Working down the material below, reproduce exactly every line from the one containing "2021年3月11日,海口一" to the last line, and only those.

--- DATASET RECORDS Enclosed Below ---

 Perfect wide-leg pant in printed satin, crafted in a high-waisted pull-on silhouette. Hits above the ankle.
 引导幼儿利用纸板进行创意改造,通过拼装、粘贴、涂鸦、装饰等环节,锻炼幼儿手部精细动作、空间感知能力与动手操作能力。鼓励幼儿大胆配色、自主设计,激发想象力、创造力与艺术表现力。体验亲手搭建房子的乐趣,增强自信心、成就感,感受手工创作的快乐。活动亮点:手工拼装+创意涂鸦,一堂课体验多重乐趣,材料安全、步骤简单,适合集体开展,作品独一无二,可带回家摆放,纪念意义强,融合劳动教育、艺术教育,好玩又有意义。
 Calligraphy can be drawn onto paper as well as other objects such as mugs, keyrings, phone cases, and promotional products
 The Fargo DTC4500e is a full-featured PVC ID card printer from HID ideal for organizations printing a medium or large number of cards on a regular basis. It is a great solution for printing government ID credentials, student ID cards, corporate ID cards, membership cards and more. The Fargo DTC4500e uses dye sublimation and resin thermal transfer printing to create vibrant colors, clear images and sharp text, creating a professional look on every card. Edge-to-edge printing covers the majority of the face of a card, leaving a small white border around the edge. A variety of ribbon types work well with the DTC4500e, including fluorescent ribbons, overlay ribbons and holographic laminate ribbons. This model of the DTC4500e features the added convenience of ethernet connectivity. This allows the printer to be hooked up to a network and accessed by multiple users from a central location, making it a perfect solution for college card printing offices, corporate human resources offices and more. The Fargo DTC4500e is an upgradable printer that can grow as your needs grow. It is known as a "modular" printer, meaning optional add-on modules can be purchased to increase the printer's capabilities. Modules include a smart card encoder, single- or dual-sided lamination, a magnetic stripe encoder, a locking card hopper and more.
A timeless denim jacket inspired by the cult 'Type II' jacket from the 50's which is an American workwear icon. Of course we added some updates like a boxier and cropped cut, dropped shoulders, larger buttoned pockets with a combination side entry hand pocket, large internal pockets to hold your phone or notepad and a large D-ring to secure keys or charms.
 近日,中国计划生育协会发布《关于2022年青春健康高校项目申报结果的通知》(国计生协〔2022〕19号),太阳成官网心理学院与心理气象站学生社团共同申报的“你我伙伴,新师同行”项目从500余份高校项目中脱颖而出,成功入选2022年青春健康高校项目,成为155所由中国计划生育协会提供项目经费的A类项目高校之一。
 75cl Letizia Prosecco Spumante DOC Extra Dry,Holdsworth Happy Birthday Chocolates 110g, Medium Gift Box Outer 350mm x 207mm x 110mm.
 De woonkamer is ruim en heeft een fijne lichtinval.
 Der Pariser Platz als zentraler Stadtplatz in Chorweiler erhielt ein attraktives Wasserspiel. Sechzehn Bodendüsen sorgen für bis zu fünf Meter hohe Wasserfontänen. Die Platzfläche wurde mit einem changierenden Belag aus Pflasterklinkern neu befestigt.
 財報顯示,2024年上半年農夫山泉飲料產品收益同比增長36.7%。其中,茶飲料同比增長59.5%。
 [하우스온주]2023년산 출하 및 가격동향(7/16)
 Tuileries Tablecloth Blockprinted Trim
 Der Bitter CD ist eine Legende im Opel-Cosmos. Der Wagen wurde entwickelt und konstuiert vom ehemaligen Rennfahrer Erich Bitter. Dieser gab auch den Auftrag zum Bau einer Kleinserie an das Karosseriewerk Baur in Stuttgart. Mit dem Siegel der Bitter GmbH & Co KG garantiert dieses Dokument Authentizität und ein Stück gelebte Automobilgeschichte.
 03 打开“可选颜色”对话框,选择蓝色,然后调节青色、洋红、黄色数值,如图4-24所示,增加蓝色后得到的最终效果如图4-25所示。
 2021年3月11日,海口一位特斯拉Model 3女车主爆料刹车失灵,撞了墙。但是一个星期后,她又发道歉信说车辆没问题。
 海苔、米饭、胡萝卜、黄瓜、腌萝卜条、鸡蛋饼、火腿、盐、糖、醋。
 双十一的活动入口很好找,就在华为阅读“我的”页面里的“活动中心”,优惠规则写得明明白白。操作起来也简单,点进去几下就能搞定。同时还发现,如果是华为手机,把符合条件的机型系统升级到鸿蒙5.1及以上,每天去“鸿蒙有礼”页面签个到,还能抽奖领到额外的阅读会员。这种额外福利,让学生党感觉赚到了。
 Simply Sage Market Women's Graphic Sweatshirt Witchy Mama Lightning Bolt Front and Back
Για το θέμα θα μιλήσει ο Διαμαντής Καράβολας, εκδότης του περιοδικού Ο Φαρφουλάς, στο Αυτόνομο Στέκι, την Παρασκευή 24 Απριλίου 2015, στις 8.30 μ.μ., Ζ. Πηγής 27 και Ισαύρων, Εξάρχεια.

--- End of Enclosed DATASET RECORDS ---

ANSWER TO THIS EXERCISE.
 2021年3月11日,海口一位特斯拉Model 3女车主爆料刹车失灵,撞了墙。但是一个星期后,她又发道歉信说车辆没问题。
 海苔、米饭、胡萝卜、黄瓜、腌萝卜条、鸡蛋饼、火腿、盐、糖、醋。
 双十一的活动入口很好找,就在华为阅读“我的”页面里的“活动中心”,优惠规则写得明明白白。操作起来也简单,点进去几下就能搞定。同时还发现,如果是华为手机,把符合条件的机型系统升级到鸿蒙5.1及以上,每天去“鸿蒙有礼”页面签个到,还能抽奖领到额外的阅读会员。这种额外福利,让学生党感觉赚到了。
 Simply Sage Market Women's Graphic Sweatshirt Witchy Mama Lightning Bolt Front and Back
Για το θέμα θα μιλήσει ο Διαμαντής Καράβολας, εκδότης του περιοδικού Ο Φαρφουλάς, στο Αυτόνομο Στέκι, την Παρασκευή 24 Απριλίου 2015, στις 8.30 μ.μ., Ζ. Πηγής 27 και Ισαύρων, Εξάρχεια.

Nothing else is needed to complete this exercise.